__MATERIAL SHOWN__:
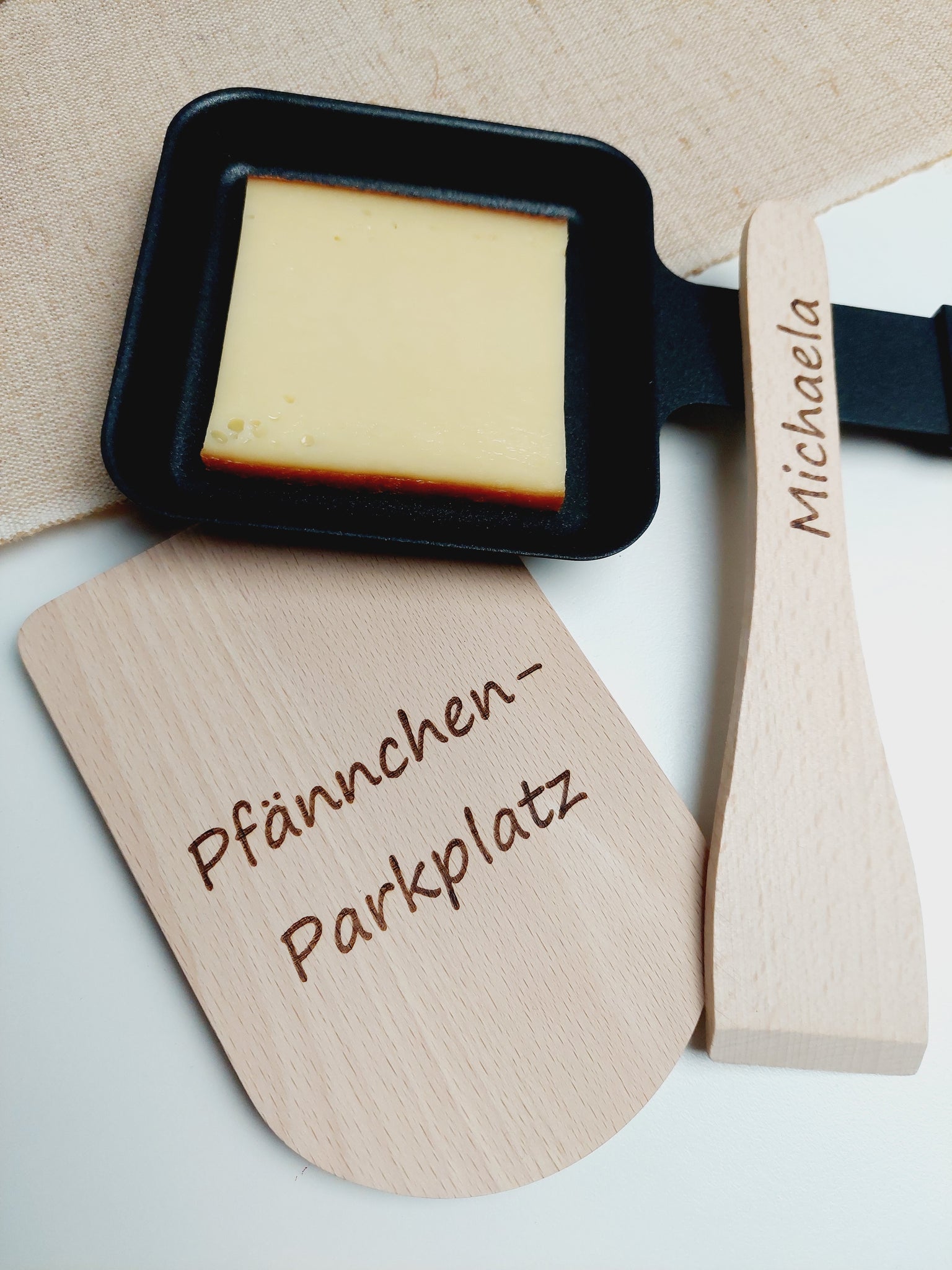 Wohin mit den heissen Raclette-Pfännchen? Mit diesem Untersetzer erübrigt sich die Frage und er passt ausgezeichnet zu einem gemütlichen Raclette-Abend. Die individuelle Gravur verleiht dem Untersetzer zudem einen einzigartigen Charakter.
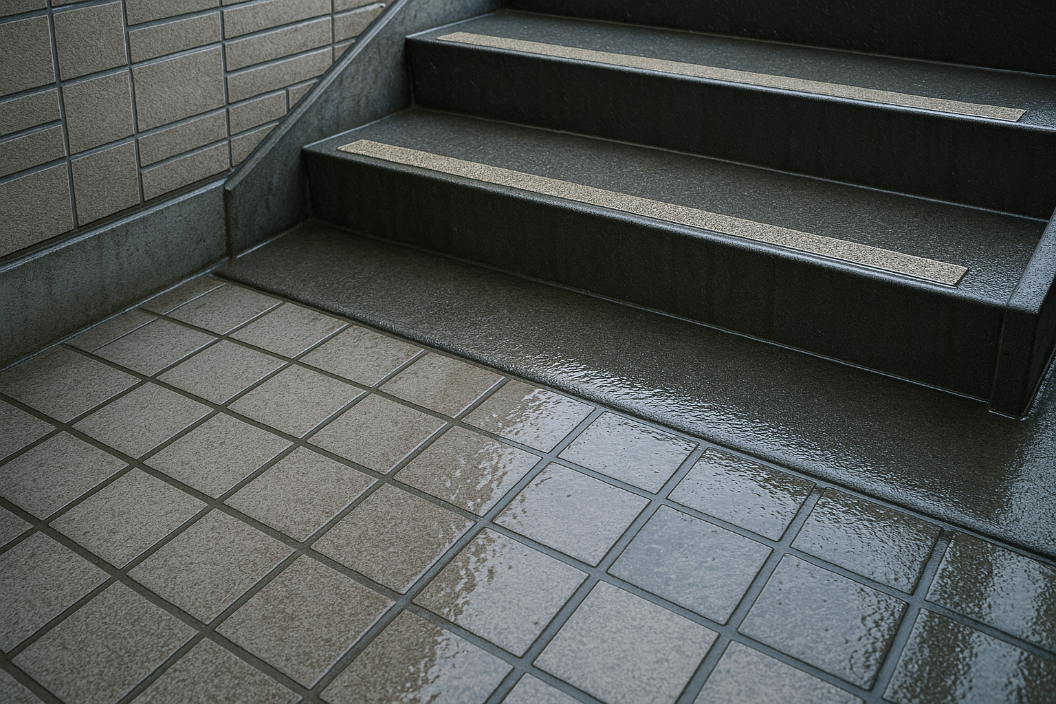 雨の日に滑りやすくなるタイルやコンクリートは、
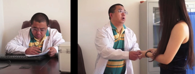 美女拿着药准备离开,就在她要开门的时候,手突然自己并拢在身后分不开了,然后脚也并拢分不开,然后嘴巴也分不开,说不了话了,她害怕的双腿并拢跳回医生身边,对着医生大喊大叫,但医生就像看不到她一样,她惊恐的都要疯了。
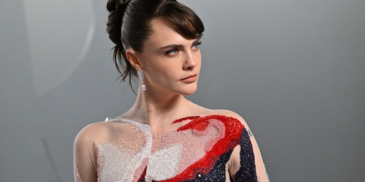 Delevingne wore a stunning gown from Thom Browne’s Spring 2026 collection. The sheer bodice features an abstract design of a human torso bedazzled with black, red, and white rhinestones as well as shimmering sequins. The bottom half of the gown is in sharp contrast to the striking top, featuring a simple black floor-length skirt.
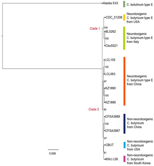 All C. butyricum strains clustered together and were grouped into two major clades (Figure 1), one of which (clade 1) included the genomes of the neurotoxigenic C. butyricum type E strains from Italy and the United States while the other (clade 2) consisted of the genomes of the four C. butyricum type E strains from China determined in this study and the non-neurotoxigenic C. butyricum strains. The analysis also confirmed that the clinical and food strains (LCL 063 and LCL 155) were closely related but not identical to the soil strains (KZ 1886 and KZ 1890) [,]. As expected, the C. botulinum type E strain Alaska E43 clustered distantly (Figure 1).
---
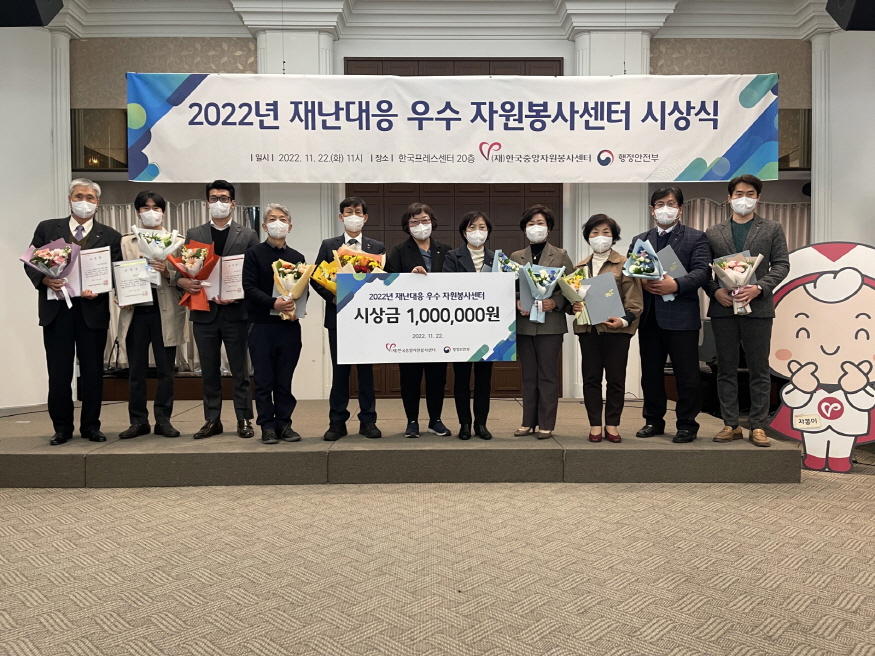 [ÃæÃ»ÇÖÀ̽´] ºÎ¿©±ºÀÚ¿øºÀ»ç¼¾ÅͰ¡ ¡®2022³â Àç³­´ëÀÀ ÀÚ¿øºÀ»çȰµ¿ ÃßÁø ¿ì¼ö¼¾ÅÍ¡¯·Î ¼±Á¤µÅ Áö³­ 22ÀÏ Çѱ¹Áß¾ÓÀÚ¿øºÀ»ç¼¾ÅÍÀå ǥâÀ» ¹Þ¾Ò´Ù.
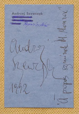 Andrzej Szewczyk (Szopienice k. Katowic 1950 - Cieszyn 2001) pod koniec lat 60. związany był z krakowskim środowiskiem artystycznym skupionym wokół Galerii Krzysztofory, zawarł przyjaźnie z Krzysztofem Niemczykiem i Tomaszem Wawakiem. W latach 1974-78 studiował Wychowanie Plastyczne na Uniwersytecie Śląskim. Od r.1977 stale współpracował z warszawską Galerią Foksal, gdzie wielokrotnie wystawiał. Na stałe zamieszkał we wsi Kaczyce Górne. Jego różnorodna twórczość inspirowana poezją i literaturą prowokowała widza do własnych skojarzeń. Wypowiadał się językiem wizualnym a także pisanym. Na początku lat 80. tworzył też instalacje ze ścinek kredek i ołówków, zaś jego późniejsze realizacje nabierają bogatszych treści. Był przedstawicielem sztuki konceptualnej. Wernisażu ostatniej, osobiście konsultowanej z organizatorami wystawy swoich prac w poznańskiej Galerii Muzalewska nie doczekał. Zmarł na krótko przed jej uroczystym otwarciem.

__EXERCISE DIRECTIONS__:
Return exactly the stretch above whose first line contains "雨の日に滑りやすくなるタイルやコンクリートは、" and whose last line contains "All C. butyricum", and nothing outside it. The pictures should not appear.

__ANSWER TO THIS EXERCISE__:
 雨の日に滑りやすくなるタイルやコンクリートは、
 美女拿着药准备离开,就在她要开门的时候,手突然自己并拢在身后分不开了,然后脚也并拢分不开,然后嘴巴也分不开,说不了话了,她害怕的双腿并拢跳回医生身边,对着医生大喊大叫,但医生就像看不到她一样,她惊恐的都要疯了。
 Delevingne wore a stunning gown from Thom Browne’s Spring 2026 collection. The sheer bodice features an abstract design of a human torso bedazzled with black, red, and white rhinestones as well as shimmering sequins. The bottom half of the gown is in sharp contrast to the striking top, featuring a simple black floor-length skirt.
 All C. butyricum strains clustered together and were grouped into two major clades (Figure 1), one of which (clade 1) included the genomes of the neurotoxigenic C. butyricum type E strains from Italy and the United States while the other (clade 2) consisted of the genomes of the four C. butyricum type E strains from China determined in this study and the non-neurotoxigenic C. butyricum strains. The analysis also confirmed that the clinical and food strains (LCL 063 and LCL 155) were closely related but not identical to the soil strains (KZ 1886 and KZ 1890) [,]. As expected, the C. botulinum type E strain Alaska E43 clustered distantly (Figure 1).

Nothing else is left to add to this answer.